Danach wird die EU als Institution Darlehen am internationalen Markt aufnehmen und diese sowohl als direkte Zuschüsse wie auch als Darlehen den Mitgliedsländern zur Bekämpfung der pandemiebedingten Wirtschaftskrise zur Verfügung stellen. Der entsprechende Schuldenabbau wird über Jahre hinweg via EU-Gemeinschaftsbudget erfolgen. Allenfalls werden auch neue Abgaben zur Finanzierung beigezogen.
Nichts Neues
Dies ist keine „Vergemeinschaftung“ von Staatsschulden einzelner EU-Mitgliedsländer, sondern eine weitere Massnahme der EU, wie sie bereits in der Vergangenheit im Sinne des gesamteuropäischen Ziels der Organisation erfolgt sind. So etwa der Eurorettungsschirm ESM im Rahmen der Eurokrise. Es trifft zu, dass beim „recovery fund“ die Konditionen der Hilfe weicher ausfallen als bei früheren solchen Gelegenheiten, aber auch hier ist sie von Zweck und Zeit her beschränkt.
Die „Vier Geizigen“
Diese weichen Konditionen haben die „Vier Geizigen“ (Österreich, Holland, Dänemark und Schweden) zum Anlass genommen, ihre Opposition gegen direkte Finanzhilfe (sogenannte „grants") via Brüssel anzumelden. Bei Niederschrift dieser Zeilen ist der Ausgang dieses Seilzeihens innerhalb der EU noch ungewiss.

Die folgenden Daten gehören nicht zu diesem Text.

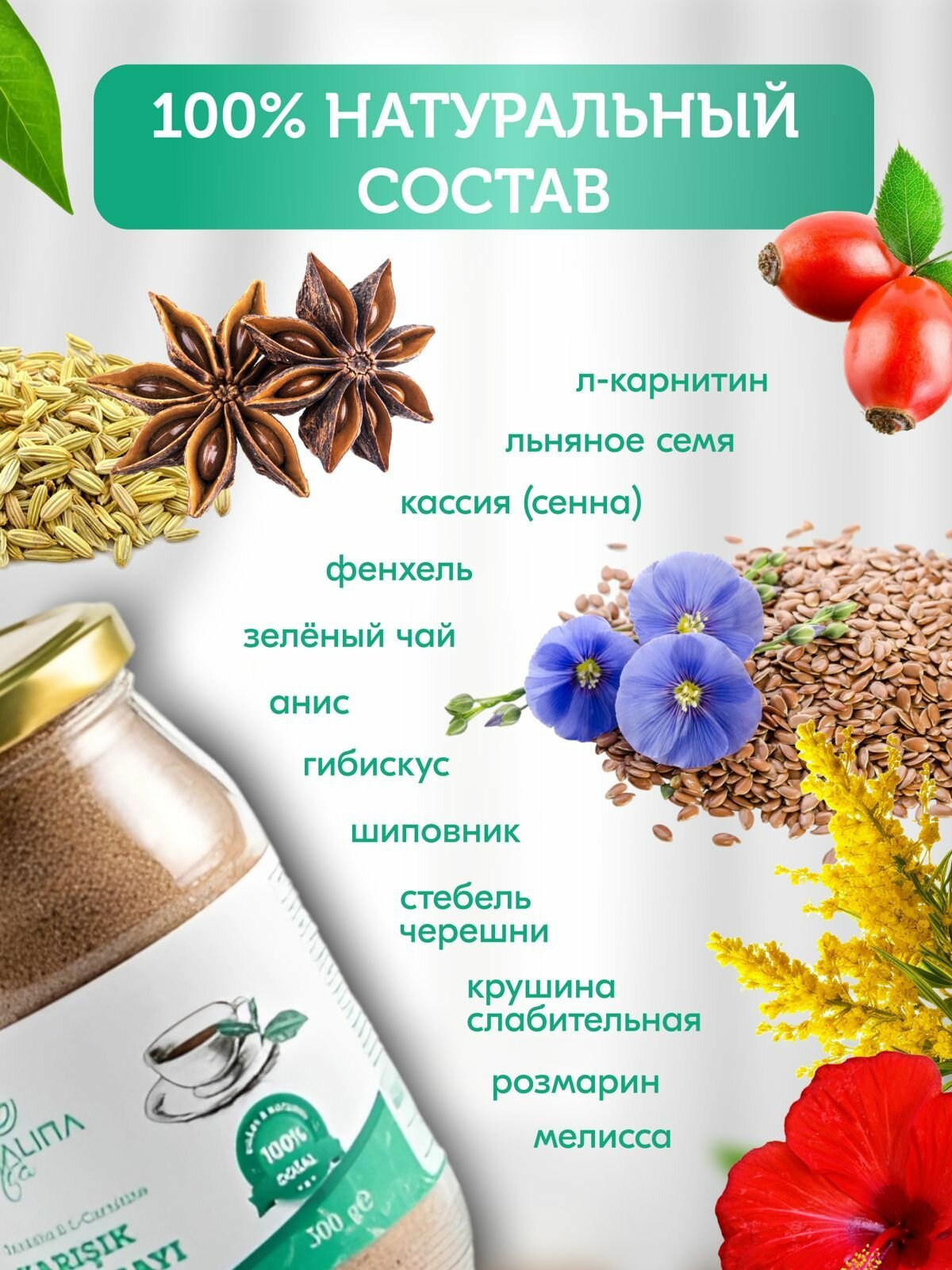 | Состав | L карнитин Мелисса Розмарин анис фенхель сенна черешня льняное семя зеленый чай облепиха аромат шиповника |

Wäre ich ein Spieler, würde ich mein Geld nicht auf Kanzler Kurz setzen, den Anführer der Vier. Zuviel steht auf dem Spiel, auch in historischer Perspektive, wie das symbolische – den Umständen entsprechend virtuell inszenierte – Nebeneinander von Macron und Merkel bei der Ankündigung ihres Vorschlages deutlich machte. Die deutsch-französische Achse rollt immer dann, wenn der Einsatz für Europa besonders hoch ist. Nichts deutet darauf hin, dass sie dieses Mal aufgehalten werden könnte.
Wie würde die Schweiz als EU-Mitglied handeln?

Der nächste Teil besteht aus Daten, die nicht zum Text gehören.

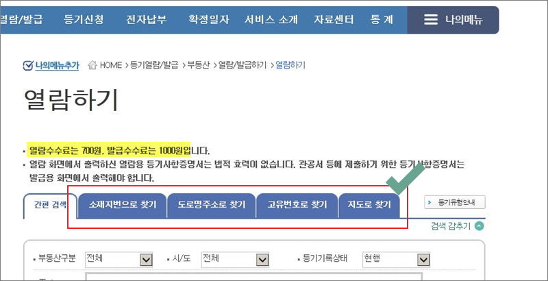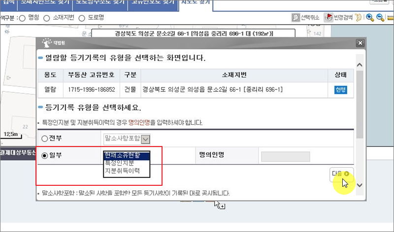 ▼ 우리가 선택한 부동산에 대한 상세 주소를 담고 있는 페이지가 열립니다. 이곳에서 열람 용도를 선택합니다.

Schliesslich die interessante Frage, wie sich die Schweiz als EU-Mitglied hier verhalten hätte. Wäre sie unter Führung des europhoben Kassenwartes Ueli Maurer zum Lager der Geizigen gestossen? Oder hätte sie als direkter Nachbar von drei Nachbarländern, welche den Fonds begrüssen, sich auf die Seiten jener geschlagen, welche eine wirtschaftliche Erholung in der gesamten EU, eingeschlossen ihres Südens, als höchstes Ziel anerkennen?
Die gesamte EU ist der weitaus wichtigste Wirtschaftspartner der Schweiz. Zudem: Wichtige Beschäftigungs- und Wachstumsmotoren der Schweiz im Grenzgebiet sind zwingend auf prosperierende Nachbarschaft angewiesen. Dazu zählen das Dreiländereck Hochrhein mit Basel als Zentrum, der Grossraum „Lémanique“ mit Genf als Zentrum, der Grossraum Lombardei mit dem gewichtigen Seitenwagen Tessin sowie die Bodenseeregion, wo vier Länder zusammentreffen, eingeschlossen Liechtenstein mit seiner weit überproportional zur Grösse liegenden Wirtschaft.
Nicht hypothetisch
Hypothetisch dürfte die Frage, auf welche Seite sich die Schweiz schlagen würde, deshalb nur im Moment sein. Es ist abzusehen, dass alle Teilnehmer am europäischen Binnenmarkt, eingeschlossen die Schweiz, an der einmalig gewaltigen Aufgabe der aktuellen Krisenbewältigung mitwirken müssen. So wie anlässlich der Osterweiterung der EU rasche Aufholhilfe an die neuen osteuropäischen Mitglieder, damit Teilnehmer am Binnenmarkt, im Interesse aller waren. Und sich damit auch alle an diesen Kohäsionsfinanzierungen beteiligen mussten.